The Supremes remanded the case back to the Ninth Circuit saying they had misinterpreted the regulation in question:
Looking at ANILCA both as a whole and with respect to Section 103(c), the Act contemplates the possibility that all the land within the boundaries of conservation system units in Alaska may be treated differently from federally managed preservation areas across the country, and that “non-public” lands within the boundaries of those units may be treated differently from “public” lands within the unit. Under the Ninth Circuit’s reading of Section 103(c), however, the former is not an option, and the latter would require contorted and counterintuitive measures.
The Ninth basically responded as they are usually wont to do. “Nah-uh, you’re not the boss of me!

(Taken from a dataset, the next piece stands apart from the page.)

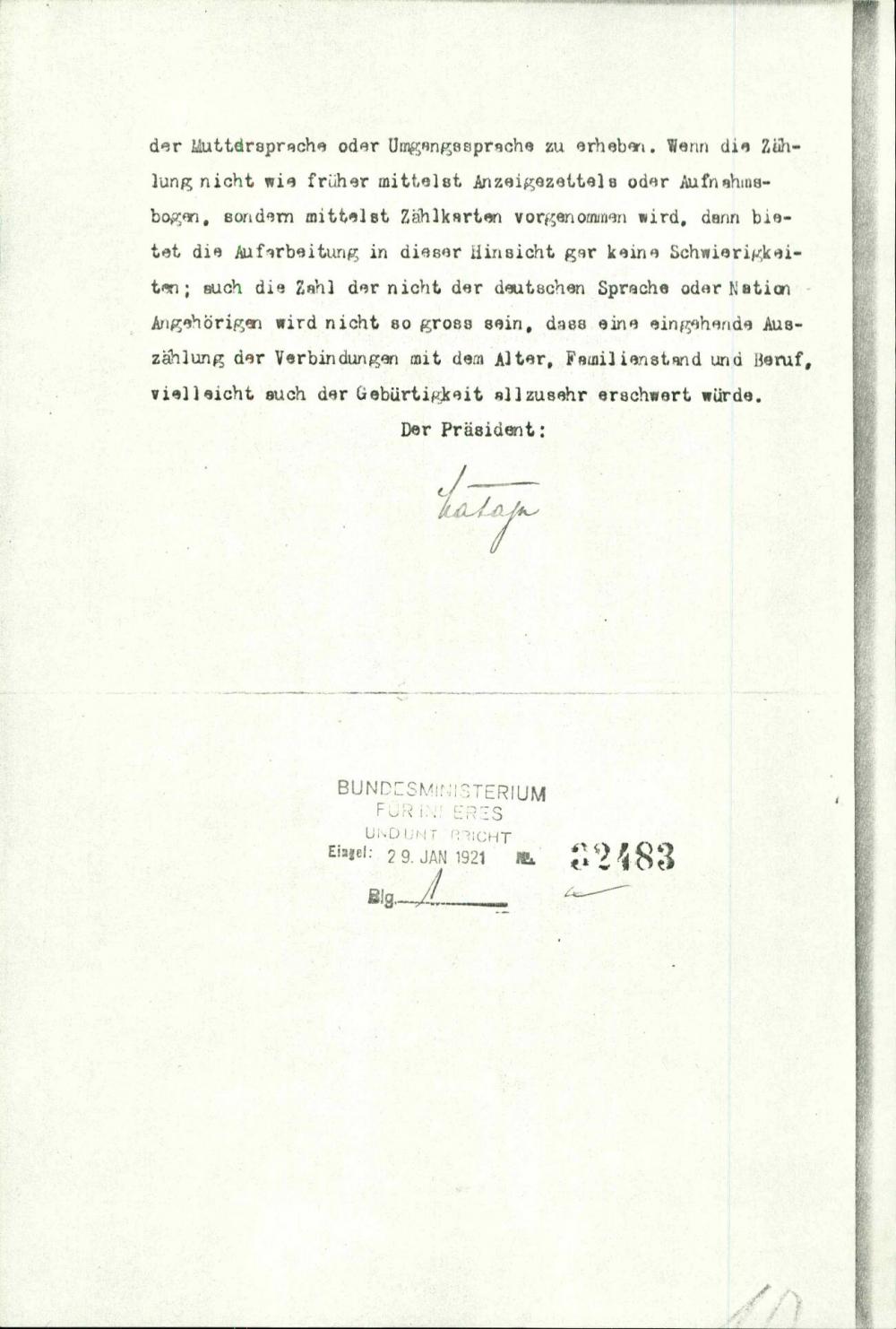 Dopis: Volkszählung 1921. Feststellung der slowakischen, beziehungsweise kroatischen Nationalität und Umgangssprache

I do what I want! Screw you, moose-hunting hovercraft guy!” (I might be paraphrasing just a tad here.)
Having been ignored the first time, expect the Supreme Court to strike down upon the ninth with great vengeance and furious anger issue a more strongly-worded decision. The only question is whether it will be a narrowly-based textual decision, or a broader decision about federal regulation of state and private lands.